## Problem requirements
Look through the records below for the line with "變化點(diǎn)4、鎮(z". Return that line and each one after it up to and including the line with "RBM is also", exactly.

(The data)

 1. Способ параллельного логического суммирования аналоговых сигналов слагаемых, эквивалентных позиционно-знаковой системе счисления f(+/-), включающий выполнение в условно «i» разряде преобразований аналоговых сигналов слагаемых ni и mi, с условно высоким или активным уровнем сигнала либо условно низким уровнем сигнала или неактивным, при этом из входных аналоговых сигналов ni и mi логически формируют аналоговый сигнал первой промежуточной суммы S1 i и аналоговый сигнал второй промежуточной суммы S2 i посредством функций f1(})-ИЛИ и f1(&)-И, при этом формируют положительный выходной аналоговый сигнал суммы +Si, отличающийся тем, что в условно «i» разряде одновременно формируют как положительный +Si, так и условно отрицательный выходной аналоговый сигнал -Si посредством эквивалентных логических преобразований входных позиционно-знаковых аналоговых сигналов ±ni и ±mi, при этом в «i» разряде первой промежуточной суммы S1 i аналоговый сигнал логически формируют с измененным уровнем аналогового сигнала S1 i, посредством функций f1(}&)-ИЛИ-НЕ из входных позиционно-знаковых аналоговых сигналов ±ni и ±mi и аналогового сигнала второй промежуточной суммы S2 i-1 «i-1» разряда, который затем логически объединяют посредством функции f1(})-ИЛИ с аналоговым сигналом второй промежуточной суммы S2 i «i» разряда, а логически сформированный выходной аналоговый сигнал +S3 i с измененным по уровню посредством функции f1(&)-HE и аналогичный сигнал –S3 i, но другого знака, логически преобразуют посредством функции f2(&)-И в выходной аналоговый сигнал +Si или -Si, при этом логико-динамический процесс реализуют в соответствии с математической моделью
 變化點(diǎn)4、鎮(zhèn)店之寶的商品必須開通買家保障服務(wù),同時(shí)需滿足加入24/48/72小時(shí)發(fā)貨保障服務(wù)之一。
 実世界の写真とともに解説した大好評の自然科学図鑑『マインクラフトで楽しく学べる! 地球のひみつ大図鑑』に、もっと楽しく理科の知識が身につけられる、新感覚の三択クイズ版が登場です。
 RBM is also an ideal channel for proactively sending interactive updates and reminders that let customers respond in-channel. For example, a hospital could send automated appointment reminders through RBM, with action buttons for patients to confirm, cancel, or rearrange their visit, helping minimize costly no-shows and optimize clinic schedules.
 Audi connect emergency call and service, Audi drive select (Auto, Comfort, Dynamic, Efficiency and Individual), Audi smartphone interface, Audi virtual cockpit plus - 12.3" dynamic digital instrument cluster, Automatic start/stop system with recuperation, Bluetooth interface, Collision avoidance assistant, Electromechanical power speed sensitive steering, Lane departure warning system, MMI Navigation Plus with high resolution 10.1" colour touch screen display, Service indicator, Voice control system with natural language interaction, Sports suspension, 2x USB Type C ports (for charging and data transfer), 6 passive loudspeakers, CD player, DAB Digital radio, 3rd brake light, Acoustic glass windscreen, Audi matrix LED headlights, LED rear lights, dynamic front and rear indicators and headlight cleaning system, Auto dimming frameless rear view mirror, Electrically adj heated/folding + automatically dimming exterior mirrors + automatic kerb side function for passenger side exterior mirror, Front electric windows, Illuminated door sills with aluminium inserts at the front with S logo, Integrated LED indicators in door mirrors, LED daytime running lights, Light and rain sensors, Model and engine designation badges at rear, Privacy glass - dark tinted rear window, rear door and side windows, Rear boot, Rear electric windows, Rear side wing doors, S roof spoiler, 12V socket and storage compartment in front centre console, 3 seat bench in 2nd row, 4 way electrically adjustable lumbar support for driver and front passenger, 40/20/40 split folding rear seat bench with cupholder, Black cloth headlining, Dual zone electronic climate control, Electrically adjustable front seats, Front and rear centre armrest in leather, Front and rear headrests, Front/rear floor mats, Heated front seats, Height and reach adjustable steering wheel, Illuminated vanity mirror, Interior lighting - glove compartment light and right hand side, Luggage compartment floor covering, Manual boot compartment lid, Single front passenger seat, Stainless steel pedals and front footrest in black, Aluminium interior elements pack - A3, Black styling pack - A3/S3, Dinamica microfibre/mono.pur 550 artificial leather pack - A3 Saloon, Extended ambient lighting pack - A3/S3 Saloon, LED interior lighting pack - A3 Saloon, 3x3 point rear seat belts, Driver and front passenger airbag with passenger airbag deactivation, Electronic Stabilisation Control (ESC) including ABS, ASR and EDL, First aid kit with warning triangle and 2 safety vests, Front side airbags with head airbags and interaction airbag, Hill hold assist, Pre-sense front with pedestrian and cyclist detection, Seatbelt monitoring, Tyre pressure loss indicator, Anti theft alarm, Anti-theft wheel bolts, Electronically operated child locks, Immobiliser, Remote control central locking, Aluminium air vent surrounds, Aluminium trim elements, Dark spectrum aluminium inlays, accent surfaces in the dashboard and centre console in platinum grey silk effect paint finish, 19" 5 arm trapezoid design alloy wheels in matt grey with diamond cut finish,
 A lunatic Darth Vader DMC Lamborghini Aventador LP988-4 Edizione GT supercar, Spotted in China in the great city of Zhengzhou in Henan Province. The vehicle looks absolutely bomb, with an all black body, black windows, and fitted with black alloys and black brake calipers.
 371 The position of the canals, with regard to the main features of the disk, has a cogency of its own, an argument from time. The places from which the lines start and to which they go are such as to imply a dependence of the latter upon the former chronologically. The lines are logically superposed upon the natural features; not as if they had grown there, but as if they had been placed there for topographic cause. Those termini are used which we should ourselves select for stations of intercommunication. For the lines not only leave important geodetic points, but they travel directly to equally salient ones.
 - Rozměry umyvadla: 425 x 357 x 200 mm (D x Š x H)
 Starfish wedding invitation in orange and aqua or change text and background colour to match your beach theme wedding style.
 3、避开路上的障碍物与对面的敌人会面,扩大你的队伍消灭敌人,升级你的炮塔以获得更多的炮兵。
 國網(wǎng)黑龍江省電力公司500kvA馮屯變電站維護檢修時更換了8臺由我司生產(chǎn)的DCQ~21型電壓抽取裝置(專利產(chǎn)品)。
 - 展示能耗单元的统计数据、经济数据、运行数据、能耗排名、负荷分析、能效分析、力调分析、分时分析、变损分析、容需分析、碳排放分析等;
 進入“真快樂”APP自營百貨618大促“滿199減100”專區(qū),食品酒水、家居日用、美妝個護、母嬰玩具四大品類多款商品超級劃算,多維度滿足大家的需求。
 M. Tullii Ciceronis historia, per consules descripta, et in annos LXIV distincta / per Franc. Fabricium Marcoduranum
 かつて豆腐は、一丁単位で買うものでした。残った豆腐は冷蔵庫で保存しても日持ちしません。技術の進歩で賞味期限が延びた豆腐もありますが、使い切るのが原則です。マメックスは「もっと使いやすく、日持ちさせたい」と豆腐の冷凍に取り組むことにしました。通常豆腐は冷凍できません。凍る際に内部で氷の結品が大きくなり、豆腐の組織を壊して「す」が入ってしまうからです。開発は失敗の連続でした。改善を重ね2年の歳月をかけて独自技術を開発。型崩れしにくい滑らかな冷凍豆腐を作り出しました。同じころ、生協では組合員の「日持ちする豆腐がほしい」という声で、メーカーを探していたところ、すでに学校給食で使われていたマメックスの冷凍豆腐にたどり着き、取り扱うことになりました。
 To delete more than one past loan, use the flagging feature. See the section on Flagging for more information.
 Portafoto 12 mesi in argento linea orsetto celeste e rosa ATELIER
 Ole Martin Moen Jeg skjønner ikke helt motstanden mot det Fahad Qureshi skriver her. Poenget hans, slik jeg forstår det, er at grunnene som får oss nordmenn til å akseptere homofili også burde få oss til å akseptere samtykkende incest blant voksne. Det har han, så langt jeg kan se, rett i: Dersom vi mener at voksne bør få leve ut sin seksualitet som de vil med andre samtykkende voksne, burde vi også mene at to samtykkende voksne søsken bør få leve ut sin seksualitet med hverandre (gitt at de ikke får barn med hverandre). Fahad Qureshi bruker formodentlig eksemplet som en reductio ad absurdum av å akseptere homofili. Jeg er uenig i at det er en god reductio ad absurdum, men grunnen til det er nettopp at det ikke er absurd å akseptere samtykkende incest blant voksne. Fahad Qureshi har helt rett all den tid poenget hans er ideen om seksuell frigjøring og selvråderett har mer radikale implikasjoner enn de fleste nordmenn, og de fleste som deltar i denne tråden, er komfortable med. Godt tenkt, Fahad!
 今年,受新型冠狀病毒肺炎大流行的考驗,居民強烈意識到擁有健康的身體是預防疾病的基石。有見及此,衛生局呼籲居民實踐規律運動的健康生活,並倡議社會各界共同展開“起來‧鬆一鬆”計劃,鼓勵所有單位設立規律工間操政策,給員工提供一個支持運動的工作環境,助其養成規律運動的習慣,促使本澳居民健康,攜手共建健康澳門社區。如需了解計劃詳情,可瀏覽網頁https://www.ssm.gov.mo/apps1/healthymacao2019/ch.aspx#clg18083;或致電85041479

(End The data)

## Written response
 變化點(diǎn)4、鎮(zhèn)店之寶的商品必須開通買家保障服務(wù),同時(shí)需滿足加入24/48/72小時(shí)發(fā)貨保障服務(wù)之一。
 実世界の写真とともに解説した大好評の自然科学図鑑『マインクラフトで楽しく学べる! 地球のひみつ大図鑑』に、もっと楽しく理科の知識が身につけられる、新感覚の三択クイズ版が登場です。
 RBM is also an ideal channel for proactively sending interactive updates and reminders that let customers respond in-channel. For example, a hospital could send automated appointment reminders through RBM, with action buttons for patients to confirm, cancel, or rearrange their visit, helping minimize costly no-shows and optimize clinic schedules.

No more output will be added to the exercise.